--- Data segment Enclosed Below ---
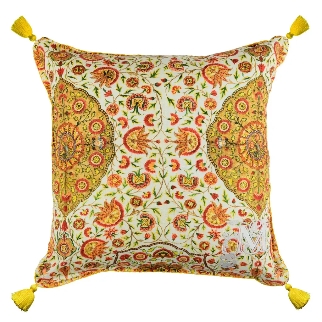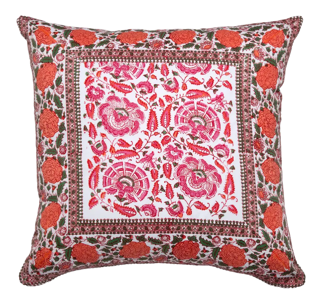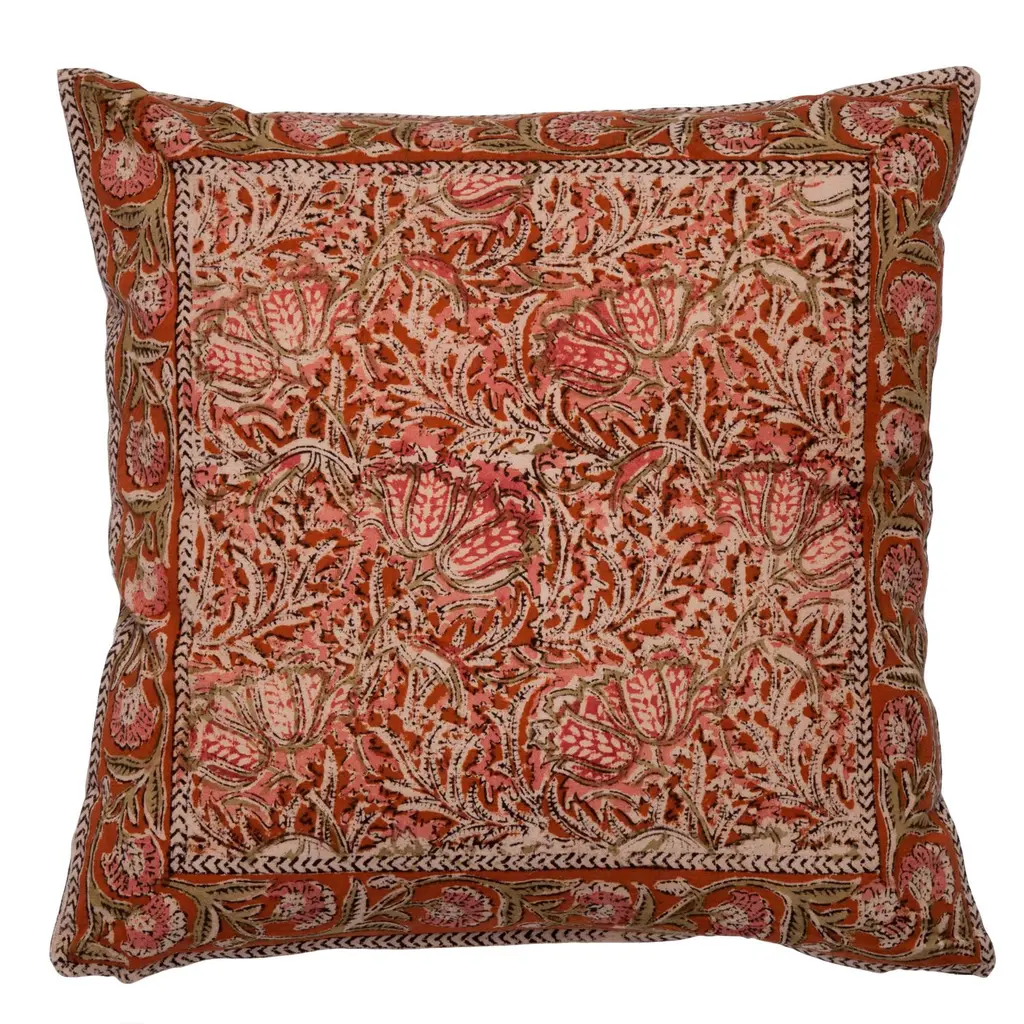 The Poppy-Bluebell design combines a botanical poppy motif on one side with a bluebell foliage pattern on the reverse. Simply flip the pillow to refresh your room whenever you desire a change. Dramatic designs in rich earth tones imbue our handmade kalamkari pillow covers with a feeling of elegance and tradition. Kalamkari originated as a Persian pen drawing on cloth which is reflected in the intricate detail of these beautiful fabrics. Modern-day kalamkari textiles are created by combining ancient block printing techniques from South India with Persian-influenced motifs of paisleys, flowers and geometric patterns drawn from architecture. Curate an eclectic collection of patterns and rustic hues with these timeless pillow covers and subtly shift the ambiance of your room. *Some color rub-off is to be expected in kalamkari hand printed textiles. We recommend cold washing separately before use. Materials: 100% cotton. Product Features: Finished with a zipper closure on the edge for easy reversibility. Decorative Pillowcase/Pillow Case - cover only. Insert not included. Crafts: Hand block printing. DIMENSIONS Pillow Cover: 16" x 16" square CARE & MAINTENANCE Protect from direct sunlight when using. Hand or machine wash separately in cold water on gentle cycle. Use a mild detergent without any bleach or fabric softeners. Do not soak or wring the fabrics. Scrub gently if needed. Tumble dry on low heat or air dry in the shade. Iron at medium setting. Test stain remover on a small area before applying.
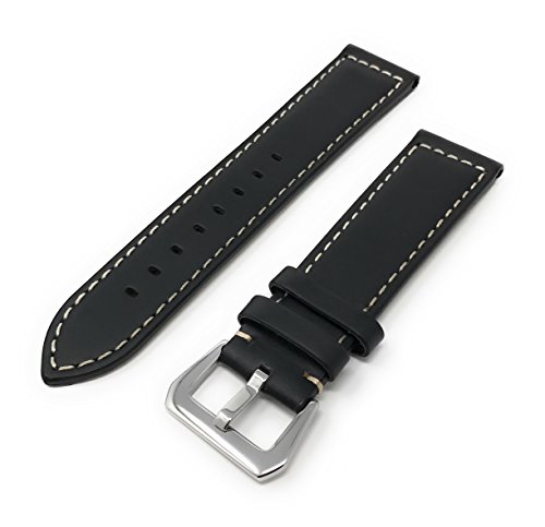 24mm width panerai style leather watch band original style stainless steel buckle black color watchband by jp leatherworks
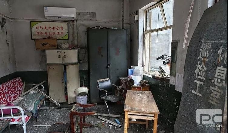 廠區內的巡檢工休息室,滿目瘡痍。
--- End of Enclosed Data segment ---
* Exercise description *
From the line with "24mm width panerai" to the last line above, restate each line word for word, but skip the pictures.

* Solution to this problem *
 24mm width panerai style leather watch band original style stainless steel buckle black color watchband by jp leatherworks
 廠區內的巡檢工休息室,滿目瘡痍。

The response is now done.